### Prompt
With the pictures left out, restate exactly the part below that opens with the line containing "ただその一方で、後半になれば" and closes with the line containing "出售一条0.8紫檀佛珠 金星很多 已经氧化".

### Stored items from a collection

^^^^^^^^^^^^^^^^

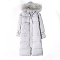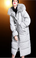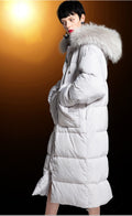 Down Jacket Women’s 90% White Duck Down Mid-Length Coat with Rabbit Fur Hood
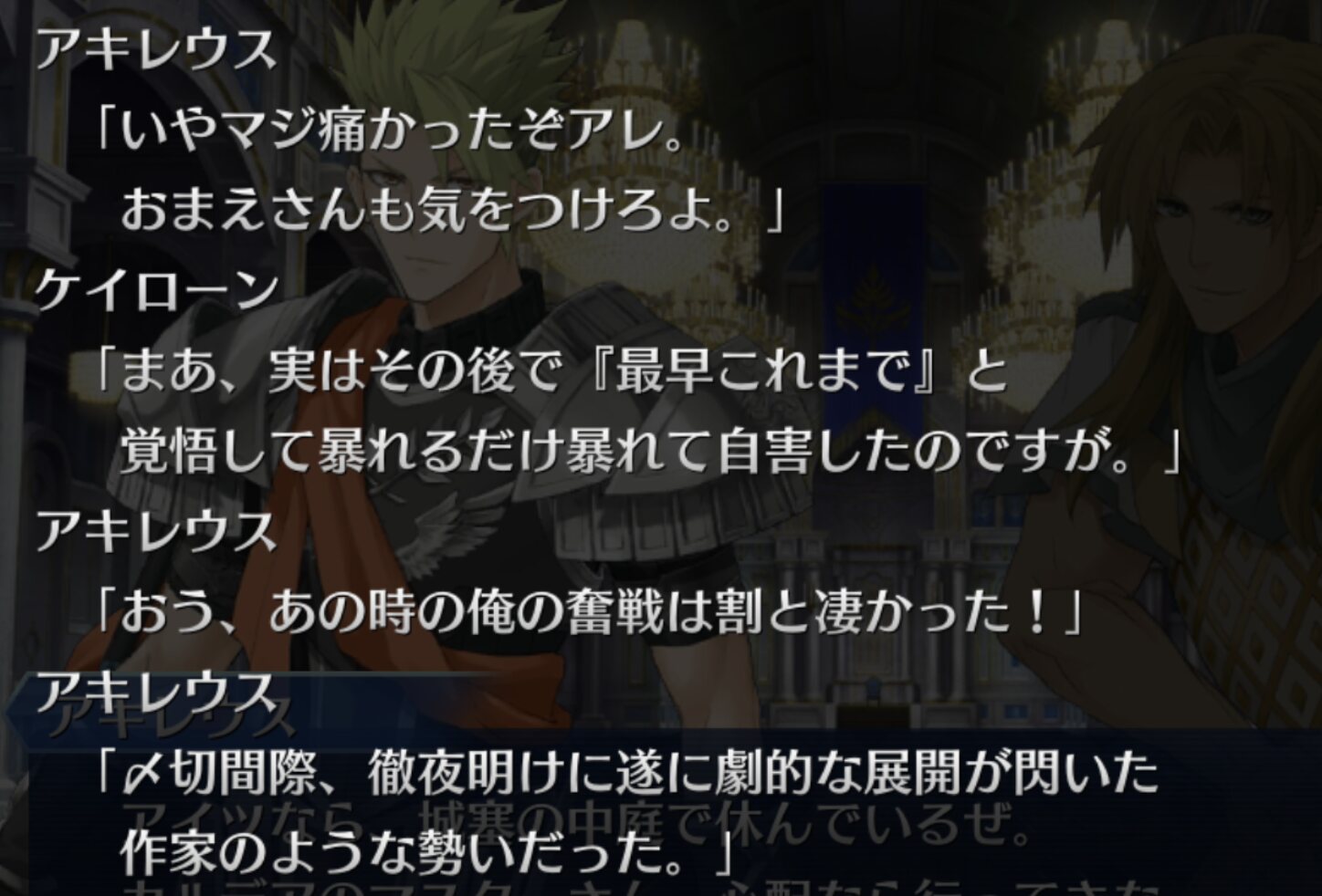 ただその一方で、後半になればなるほどボロが出ているんだよな。それが庭の限界。そもそも庭のなかでも絶対あんなこといわないのにそれですら「生き残るために自分に言い聞かせるように命令を下すゴッさん」がでるあたり藤丸のゴッさんに対する信頼が見える立ててきますわ
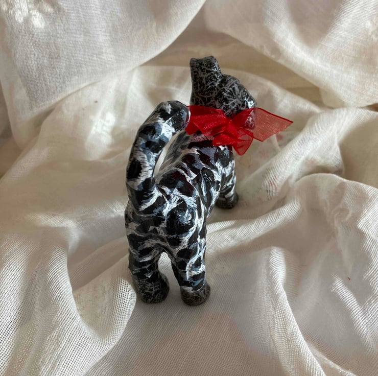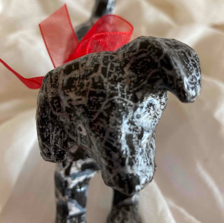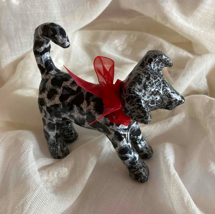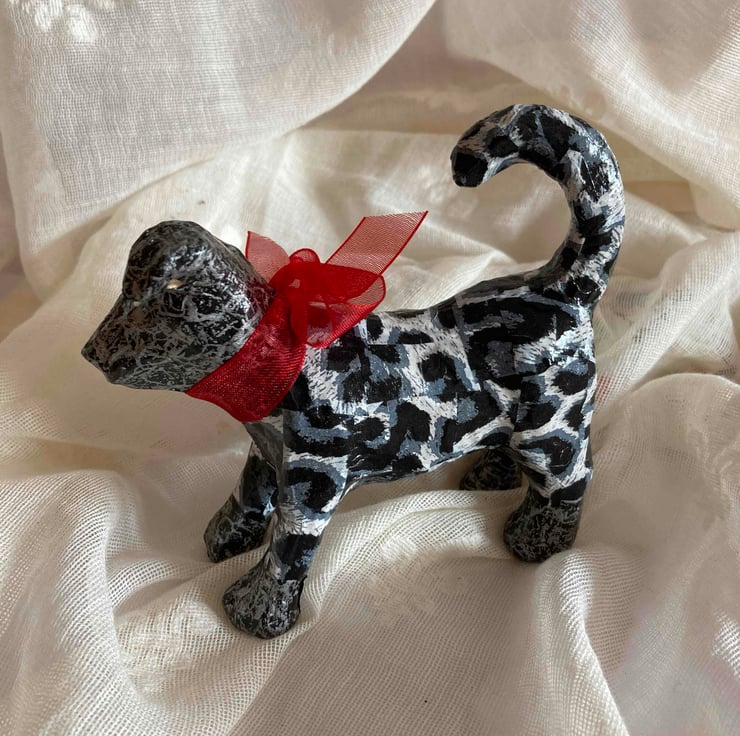 This dog is decorated in black, grey, silver and white coloured papers. The dog is made of papier mache and Decopatched and finally varnished.
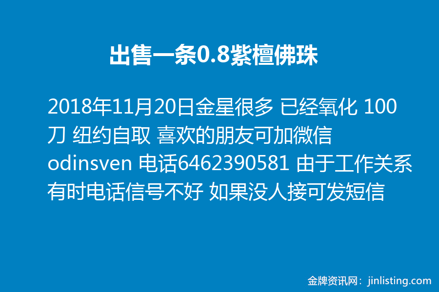 出售一条0.8紫檀佛珠 金星很多 已经氧化 100刀 纽约自取 喜欢的朋友可加微信odinsven 电话6462390581 由于工作关系 有时电话信号不好 如果没人接可发短信
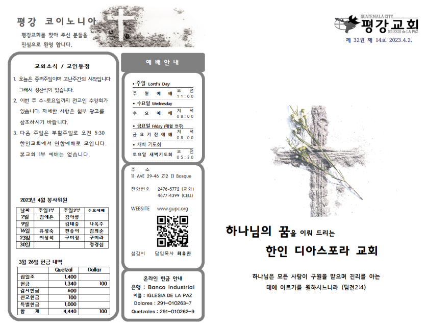 2023년 4월 2일 주일예배 주보 페이지 정보 작성자 과테말라평강교회 댓글 0건 조회 1,475회 작성일 23-04-01 17:14 목록 본문 2023년 4월 2일 주일예배 주보 이전글2023년 4월 9일 주일예배 주보 23.04.09 다음글2023년 3월 26일 주일예배 주보 23.03.25 댓글 0 댓글목록 등록된 댓글이 없습니다.

^^^^^^^^^^^^^^^^

### Solution for this task
 ただその一方で、後半になればなるほどボロが出ているんだよな。それが庭の限界。そもそも庭のなかでも絶対あんなこといわないのにそれですら「生き残るために自分に言い聞かせるように命令を下すゴッさん」がでるあたり藤丸のゴッさんに対する信頼が見える立ててきますわ
 This dog is decorated in black, grey, silver and white coloured papers. The dog is made of papier mache and Decopatched and finally varnished.
 出售一条0.8紫檀佛珠 金星很多 已经氧化 100刀 纽约自取 喜欢的朋友可加微信odinsven 电话6462390581 由于工作关系 有时电话信号不好 如果没人接可发短信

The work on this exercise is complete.